Verbindung gemäß Anspruch 1 oder 2, die radiomarkiert ist.
Verbindung gemäß Anspruch 3, die mit [¹¹C]-Methyl radiomarkiert ist.
Pharmazeutische Zusammensetzung, die wenigstens eine Verbindung gemäß Anspruch 1 oder 2 oder ein pharmazeutisch akzeptables Säureadditionssalz davon und gegebenenfalls einen zweiten pharmazeutisch aktiven Bestandteil in Kombination mit einem oder mehreren pharmazeutischen akzeptablen Trägern oder Verdünnungsstoffen umfaßt.
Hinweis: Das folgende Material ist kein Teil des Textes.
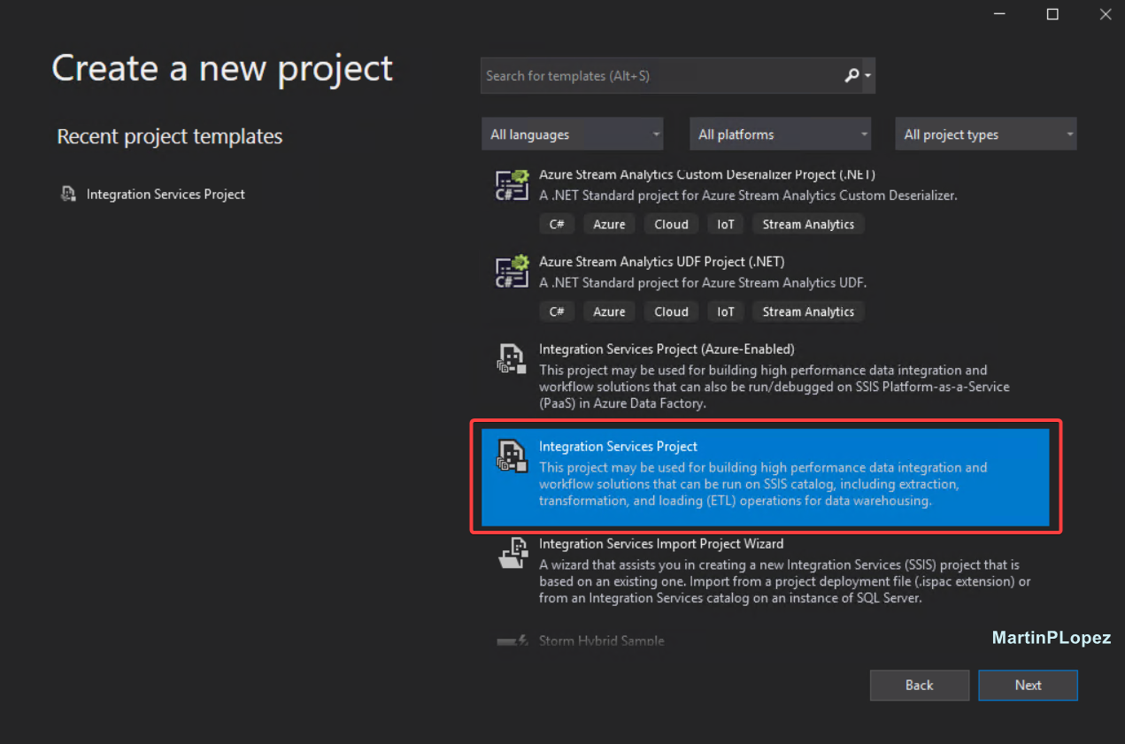 Open Visual Studio and create a new project: Integration Services Project.

Verwendung einer Verbindung gemäß Anspruch 1 oder 2 oder eines Säureadditionssalzes davon und gegebenenfalls eines zweiten pharmazeutisch aktiven Bestandteils zur Herstellung eines Medikaments zur Behandlung einer Störung oder Krankheit, die auf einen Antagonismus von α₁-Adrenozeptoren anspricht.
Verwendung einer Verbindung gemäß Anspruch 1 oder 2 oder eines Säureadditionssalzes davon und gegebenenfalls eines zweiten Mittels mit antipsychotischer Aktivität zur Herstellung eines Medikaments zur Behandlung von Psychose.
Verbindung gemäß Anspruch 1 oder 2 zur Verwendung in einem Verfahren zur Behandlung einer Störung oder Krankheit, die auf einen Antagonismus von α₁-Adrenozeptoren in einem Säugetier anspricht, welches das Verabreichen einer Verbindung gemäß Anspruch 1 oder 2 oder eines Säureadditionssalzes davon und gegebenenfalls eines zweiten pharmazeutisch aktiven Bestandteils an das Säugetier umfaßt.
Verbindung gemäß Anspruch 1 oder 2 zur Verwendung in einem Verfahren zur Behandlung von Psychose in einem Säugetier, welches das Verabreichen einer Verbindung gemäß Anspruch 1 oder 2 oder eines Säureadditionssalzes davon und gegebenenfalls eines Mittels mit antipsychotischer Aktivität eines Säugetiers umfaßt.
Verwendung einer Verbindung gemäß Anspruch 1 oder 2 oder eines Säureadditionssalzes davon zur Herstellung einer radiomarkierten Verbindung der Formel (I).